Please return the data word for word and leave out any picture it contains.
--*--
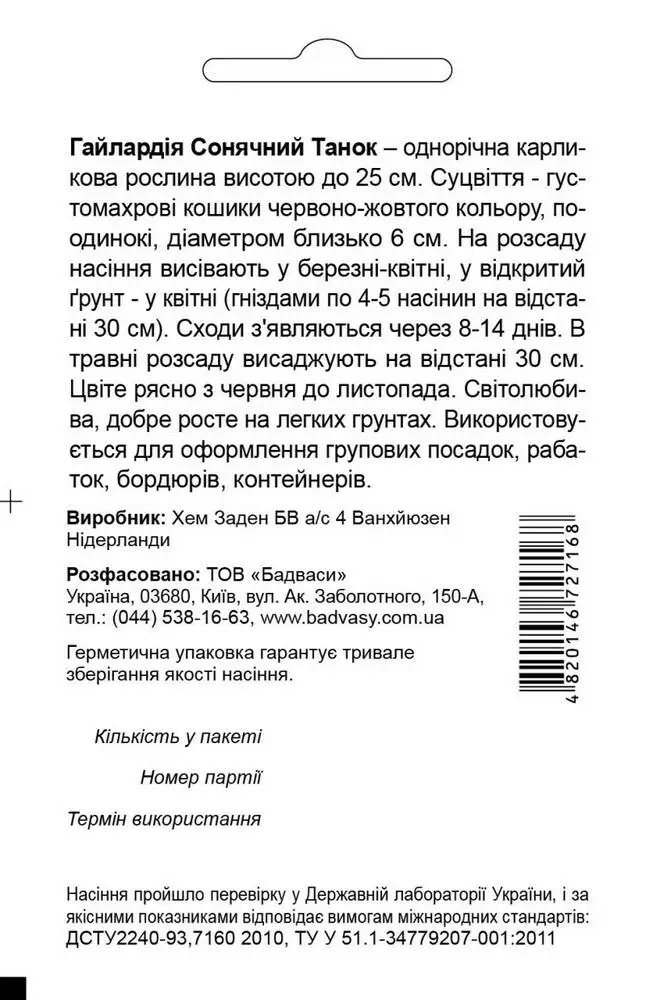 Гайлардія Сонячний танок, суміш, 0,2 г, Садиба Центр
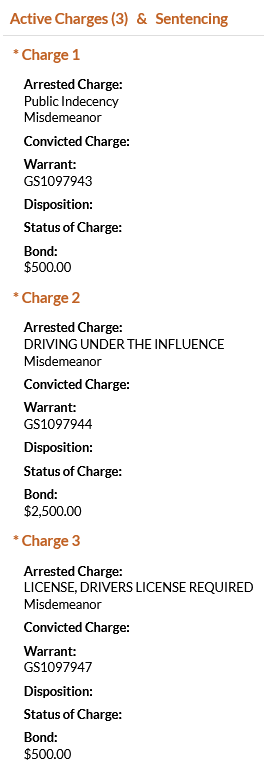 • Patzan was charged with public indecency, driving under the influence, and driver’s license required. He was booked on a $3500 total bond.
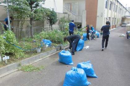 夏休みの間に伸び放題になっていた雑草を抜き取ると、久しぶりに土が顔を見せました。
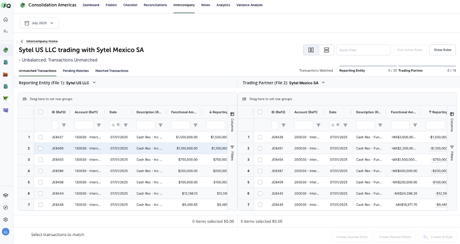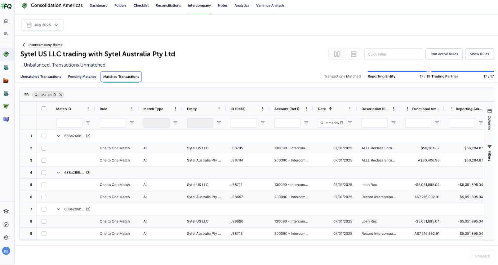 - Matching View - Unmatched Transactions: From either the Matrix or List Views, if you select any amount (or ‘Balanced’) it will take you to the Matching View - Unmatched Transactions for the specific entity relationship you selected. This is a list of all intercompany transactions for the entity relationship selected. From the unmatched tab, you can create a manual match or create an AI Rule.
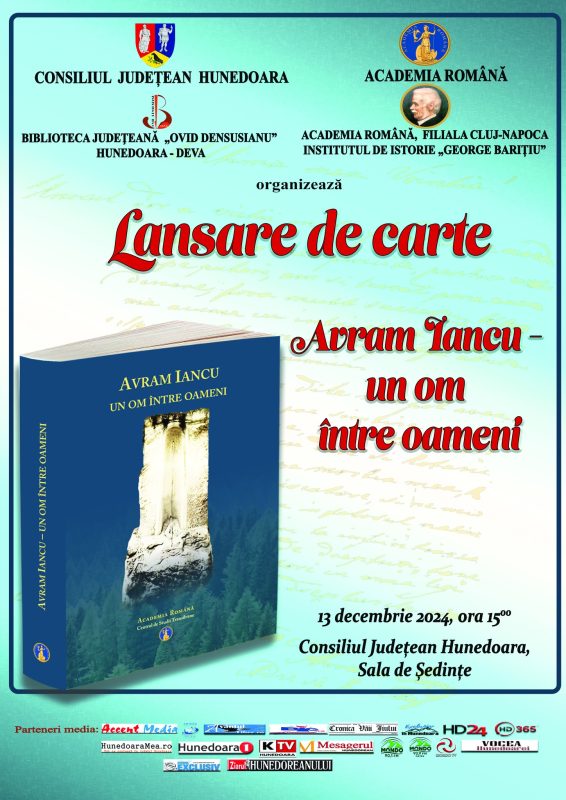 Desigur, cartea ,,Avram Iancu – un om între oameni” urmează să fie lansată oficial și în cadrul unei activități derulate în județul Hunedoara, la Deva. Evenimentul este programat să se desfășoare în ziua de 13 decembrie 2024, ora 15:00, în Sala de Ședințe a Consiliului Județean Hunedoara, în organizarea Bibliotecii Județene „Ovid Densusianu” Hunedora – Deva, cu sprijinul Consiliului Județean Hunedoara și în parteneriat cu Academia Română și Institutul de Istorie „George Barițiu” din Cluj-Napoca.
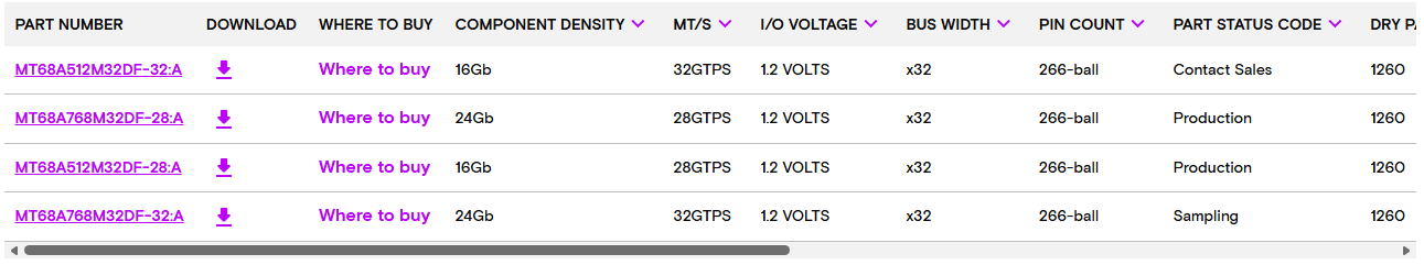 4 月 20 日消息,Micron(美光)官网显示,其已正式提供 24Gb (3GB) 容量版本的 GDDR7 显存(内存),提供 32Gbps 和 28Gbps 两种规格。这意味着三大 DRAM 原厂的 24Gb GDDR7 均已正式推出。
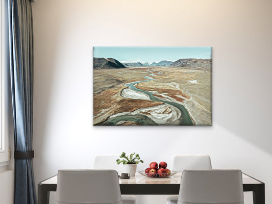 Aerial view of Orkhon River, Mongolia Neutral Vintage Wall Art Decor 100% Australian Made
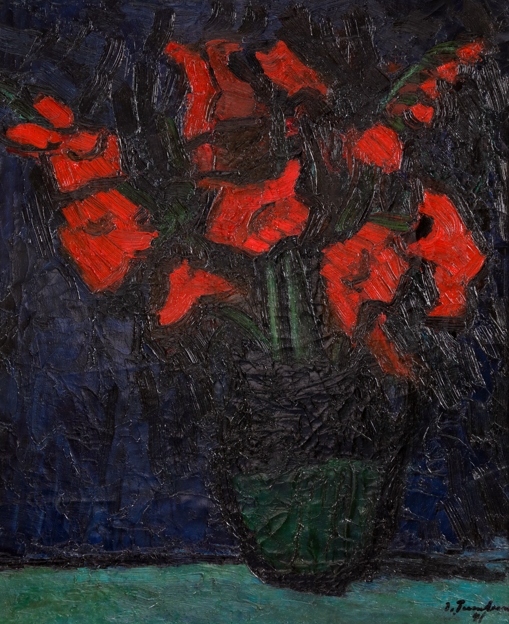 Titular al unei duble vocații, ce se întinde de la universul hipnotizant al artei și până la tărâmurile fascinante ale științelor naturii, Ion Țuculescu își va croi drumul printre notele distincte ale simbolismului, ale post-impresionismului ori ale expresionismului, și până la etapele folclorice ori totemice cărora și-a încredințat creația. Cercetarea și nevoia constantă de-a experimenta vor constitui cheia îmbinării tuturor îndeletnicirilor sale. Încă de la debutul său expozițional va fi întâmpinat călduros de unul dintre cei mai reprezentativi critici ai vremii, George Oprescu. Cu o pondere semnificativ redusă în economia creației sale, naturile statice reprezintă un prilej ideal pentru experimentul plastic. De la lucrările cu fructe și legume realizate în anii ’20 și până la fascinantele elegii florale realizate în jurul anilor ’40, în care tumultul interior iese la suprafață printr-un colorit specific, este remarcabilă evoluția tehnică și stilistică a artistului. Ion Țuculescu se va evidenția, așadar, în postura de interpret al naturii încă din perioada debutului. Acest fapt îi va permite familiarizarea cu bazele picturii și cu asimilarea și perfecționarea tehnicii. De la ”Florile de cais” ce datează din 1924, redate sub influență academist-impresionistă și până la exburenațele cromatice specifice anilor ’40, vom remarca specificitatea motivului central al lucrărilor ca fiind constituit din motive preponderent vegetale. Subiectul se va contopi acum cu fundalul și va contribui la potențarea reciprocă a forței creatoare. ”Înainte de a fi anumite flori trebuie să fie o pictură”, remarca artistul. Însă florile lui Țuculescu transpuse în ulei au fost precedate de o serie de lucrări realizate în guașă ori pastel pe hârtie. Dezvăluind atenția deosebită a savantului, artistul nu va mai fi preocupat de redarea fidelă a realității, ci va miza mai degrabă pe emoția imprimată subiectului. Regăsim în seria consacrată pastelurilor veritabile panoplii alcătuite din crizanteme, crini, trandafiri sau gura-leului. Dispuse pe suprafața mesei ori urcate pe piedestal, vasele albastre, brune ori violet ne destăinuie, triumfătoare, neîntinatul conținut. Anul 1938 coincide atât cu plecarea lui Țuculescu către îndeplinirea stagiului militar, cât și cu organizarea primei sale expoziții personale la Ateneul Român (susținătoare avidă și iubitoare, soția sa va fi cea care se va ocupa de închirierea sălii și alte detalii de ordin organizatoric). Odată cu izbucnirea războiului, paleta artistului va căpăta atribute mult mai întunecate și se va mula pe sensibilitatea pictorului concentrat ca medic militar. Permutările stilistice pot fi, așadar, corelate evenimentelor social-politice la care Țuculescu va fi nevoit să ia parte, iar perioada conflictului mondial se va transpune pictural în așa-zisa ”perioadă neagră”. Cromatica fovă va fi exemplificată îndeosebi după anul 1938, vădind infiltrările neobosite ale negrului pe toată suprafața pânzei. Opera de față ne destăinuite preferințele cromatice ale lui Țuculescu prin utilizarea roșului sangvin, a violetului ori a declinărilor de verde. Pasta groasă, dispusă energic, geometria și delimitarea concretă a planurilor dar și accentele puternice de roșu suprapuse peste fundalul întunecat ne invită să pătrundem în universul creator al artistului preocupat acum de materializarea formei în manieră proprie. Natura statică devine o stare sub pecetea căreia Ion Țuculescu își dezvăluie eul creator într-o coregrafie debordantă.
--*--
Your solution
 Гайлардія Сонячний танок, суміш, 0,2 г, Садиба Центр
 • Patzan was charged with public indecency, driving under the influence, and driver’s license required. He was booked on a $3500 total bond.
 夏休みの間に伸び放題になっていた雑草を抜き取ると、久しぶりに土が顔を見せました。
 - Matching View - Unmatched Transactions: From either the Matrix or List Views, if you select any amount (or ‘Balanced’) it will take you to the Matching View - Unmatched Transactions for the specific entity relationship you selected. This is a list of all intercompany transactions for the entity relationship selected. From the unmatched tab, you can create a manual match or create an AI Rule.
 Desigur, cartea ,,Avram Iancu – un om între oameni” urmează să fie lansată oficial și în cadrul unei activități derulate în județul Hunedoara, la Deva. Evenimentul este programat să se desfășoare în ziua de 13 decembrie 2024, ora 15:00, în Sala de Ședințe a Consiliului Județean Hunedoara, în organizarea Bibliotecii Județene „Ovid Densusianu” Hunedora – Deva, cu sprijinul Consiliului Județean Hunedoara și în parteneriat cu Academia Română și Institutul de Istorie „George Barițiu” din Cluj-Napoca.
 4 月 20 日消息,Micron(美光)官网显示,其已正式提供 24Gb (3GB) 容量版本的 GDDR7 显存(内存),提供 32Gbps 和 28Gbps 两种规格。这意味着三大 DRAM 原厂的 24Gb GDDR7 均已正式推出。
 Aerial view of Orkhon River, Mongolia Neutral Vintage Wall Art Decor 100% Australian Made
 Titular al unei duble vocații, ce se întinde de la universul hipnotizant al artei și până la tărâmurile fascinante ale științelor naturii, Ion Țuculescu își va croi drumul printre notele distincte ale simbolismului, ale post-impresionismului ori ale expresionismului, și până la etapele folclorice ori totemice cărora și-a încredințat creația. Cercetarea și nevoia constantă de-a experimenta vor constitui cheia îmbinării tuturor îndeletnicirilor sale. Încă de la debutul său expozițional va fi întâmpinat călduros de unul dintre cei mai reprezentativi critici ai vremii, George Oprescu. Cu o pondere semnificativ redusă în economia creației sale, naturile statice reprezintă un prilej ideal pentru experimentul plastic. De la lucrările cu fructe și legume realizate în anii ’20 și până la fascinantele elegii florale realizate în jurul anilor ’40, în care tumultul interior iese la suprafață printr-un colorit specific, este remarcabilă evoluția tehnică și stilistică a artistului. Ion Țuculescu se va evidenția, așadar, în postura de interpret al naturii încă din perioada debutului. Acest fapt îi va permite familiarizarea cu bazele picturii și cu asimilarea și perfecționarea tehnicii. De la ”Florile de cais” ce datează din 1924, redate sub influență academist-impresionistă și până la exburenațele cromatice specifice anilor ’40, vom remarca specificitatea motivului central al lucrărilor ca fiind constituit din motive preponderent vegetale. Subiectul se va contopi acum cu fundalul și va contribui la potențarea reciprocă a forței creatoare. ”Înainte de a fi anumite flori trebuie să fie o pictură”, remarca artistul. Însă florile lui Țuculescu transpuse în ulei au fost precedate de o serie de lucrări realizate în guașă ori pastel pe hârtie. Dezvăluind atenția deosebită a savantului, artistul nu va mai fi preocupat de redarea fidelă a realității, ci va miza mai degrabă pe emoția imprimată subiectului. Regăsim în seria consacrată pastelurilor veritabile panoplii alcătuite din crizanteme, crini, trandafiri sau gura-leului. Dispuse pe suprafața mesei ori urcate pe piedestal, vasele albastre, brune ori violet ne destăinuie, triumfătoare, neîntinatul conținut. Anul 1938 coincide atât cu plecarea lui Țuculescu către îndeplinirea stagiului militar, cât și cu organizarea primei sale expoziții personale la Ateneul Român (susținătoare avidă și iubitoare, soția sa va fi cea care se va ocupa de închirierea sălii și alte detalii de ordin organizatoric). Odată cu izbucnirea războiului, paleta artistului va căpăta atribute mult mai întunecate și se va mula pe sensibilitatea pictorului concentrat ca medic militar. Permutările stilistice pot fi, așadar, corelate evenimentelor social-politice la care Țuculescu va fi nevoit să ia parte, iar perioada conflictului mondial se va transpune pictural în așa-zisa ”perioadă neagră”. Cromatica fovă va fi exemplificată îndeosebi după anul 1938, vădind infiltrările neobosite ale negrului pe toată suprafața pânzei. Opera de față ne destăinuite preferințele cromatice ale lui Țuculescu prin utilizarea roșului sangvin, a violetului ori a declinărilor de verde. Pasta groasă, dispusă energic, geometria și delimitarea concretă a planurilor dar și accentele puternice de roșu suprapuse peste fundalul întunecat ne invită să pătrundem în universul creator al artistului preocupat acum de materializarea formei în manieră proprie. Natura statică devine o stare sub pecetea căreia Ion Țuculescu își dezvăluie eul creator într-o coregrafie debordantă.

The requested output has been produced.